Developing a Cost Model for Cloud Applications

Note - please pay attention to the date of this post. As much as I attempt to make the information below accurate, the nature of distributed computing means that components, units and pricing will change over time. The definitive costs for Microsoft Windows Azure and SQL Azure are located here, and are more accurate than anything you will see in this post: 

When writing software that is run on a Platform-as-a-Service (PaaS) offering like Windows Azure / SQL Azure, one of the questions you must answer is how much the system will cost. I will not discuss the comparisons between on-premise costs (which are nigh impossible to calculate accurately) versus cloud costs, but instead focus on creating a general model for estimating costs for a given application.

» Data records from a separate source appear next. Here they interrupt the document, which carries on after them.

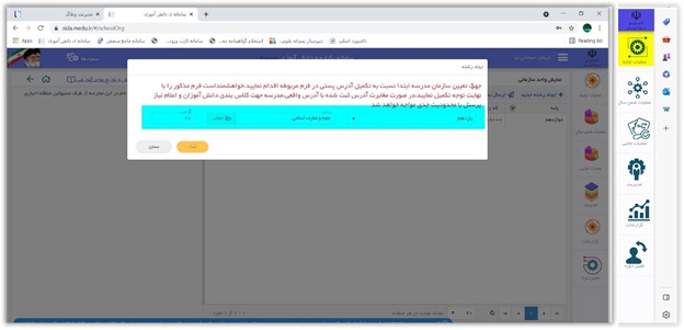 پنج) در این صفحه ابتدا روی عنوان ایجاد رشته جدید، کلیک نموده و در پنجره ای که در اختیار شما قرار می گیرد پایه و رشته را انتخاب نمایید.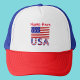 Caminhoneiro personalizado que possui a bandeira dos Estados Unidos da América, ou bandeira americana com as letras EUA abaixo, em vermelho, branco e azul, com estrelas e listras, encontradas na bandeira. Personalize o chapéu do caminhoneiro adicionando um nome, para você mesmo ou um presente criativo. Excelente para grupos viagem, clubes ou reuniões familiares. presente divertido para qualquer ocasião ou evento. Pai adoraria por Dia de os pais. Divertido de vestir no Dia da Independência/4 de julho.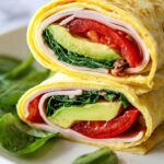 - Assemble Wrap: Remove the egg wrap from heat. Layer the deli turkey slices, tomato slices, avocado slices, and fresh spinach evenly over one half of the egg wrap.

You should be aware that there are (at this writing) two billing mechanisms for Windows and SQL Azure: “Pay-as-you-go” or consumption, and “Subscription” or commitment. Conceptually, you can consider the former a pay-as-you-go cell phone plan, where you pay by the unit used (at a slightly higher rate) and the latter as a standard cell phone plan where you commit to a contract and thus pay lower rates. In this post I’ll stick with the pay-as-you-go mechanism for simplicity, which should be the maximum cost you would pay. From there you may be able to get a lower cost if you use the other mechanism. In any case, the model you create should hold.

Developing a good cost model is essential. As a developer or architect, you’ll most certainly be asked how much something will cost, and you need to have a reliable way to estimate that. Businesses and Organizations have been used to paying for servers, software licenses, and other infrastructure as an up-front cost, and power, people to the systems and so on as an ongoing (and sometimes not factored) cost. When presented with a new paradigm like distributed computing, they may not understand the true cost/value proposition, and that’s where the architect and developer can guide the conversation to make a choice based on features of the application versus the true costs.

The two big buckets of use-types for these applications are customer-based and steady-state. In the customer-based use type, each successful use of the program results in a sale or income for your organization. Perhaps you’ve written an application that provides the spot-price of foo, and your customer pays for the use of that application. In that case, once you’ve estimated your cost for a successful traversal of the application, you can build that into the price you charge the user. It’s a standard restaurant model, where the price of the meal is determined by the cost of making it, plus any profit you can make.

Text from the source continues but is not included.